Taibbi's Bubble Machine
A few days ago I described Matt Taibbi's recent Rolling Stone piece about Goldman Sachs as "terrible." And it was! He made one outrageous assertion after another without bothering to back any of them up. He flitted from idea to idea without developing any of them. The whole piece was disjointed and embarrassing.
Except — it turns out there was a reason for that: the morons at Rolling Stone hadn't actually posted Taibbi's article. They had only posted a short series of excerpts. I would have known that if I'd read the introductory material very carefully, but who the hell does that? I didn't. I just read what they posted, came away shaking my head, and panned it.

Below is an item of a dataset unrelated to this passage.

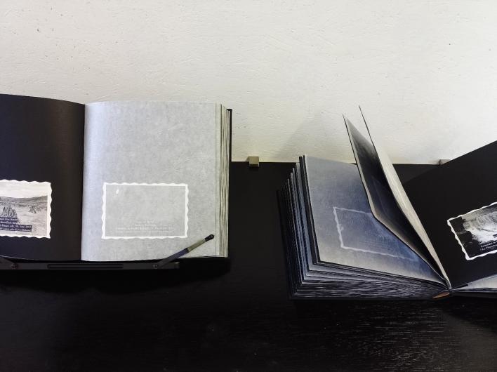 Two photobooks | title blind embossed on front cover (280 mm x 265 mm x 50 mm) and two cassettes for the photobooks, title blind embossed on the side De Boeckenherrebergh | Ruth Bonnewel.

Well, I've now the read the entire piece, and I apologize. (To Taibbi, that is, not the morons at Rolling Stone, who should have either posted the whole thing or done nothing at all.) It's a very good takedown of the modern financial industry and well worth reading. There are some bits here and there that I'm not sure Taibbi gets quite right, and I do think that he made a mistake in casting Goldman Sachs as the "engineer" of every bubble in the past century rather than merely an unusually big and enthusiastic member of a predatory gang that's been ripping us off for a long time. This gives the piece a conspiratorial air that allows Goldman to laugh it off instead of being forced to engage with it, and that's too bad. They — and everyone else on Wall Street — should be forced to engage with it.
Beyond that, there are undoubtedly some mistakes in the piece, as well as places where Taibbi goes unnecessarily over the top. I'm still not sold on carbon permits being the next big bubble, for example. But those are quibbles. Overall it's a striking portait of an industry — not just a single company — of almost unbounded greed and recklessness. Worth reading.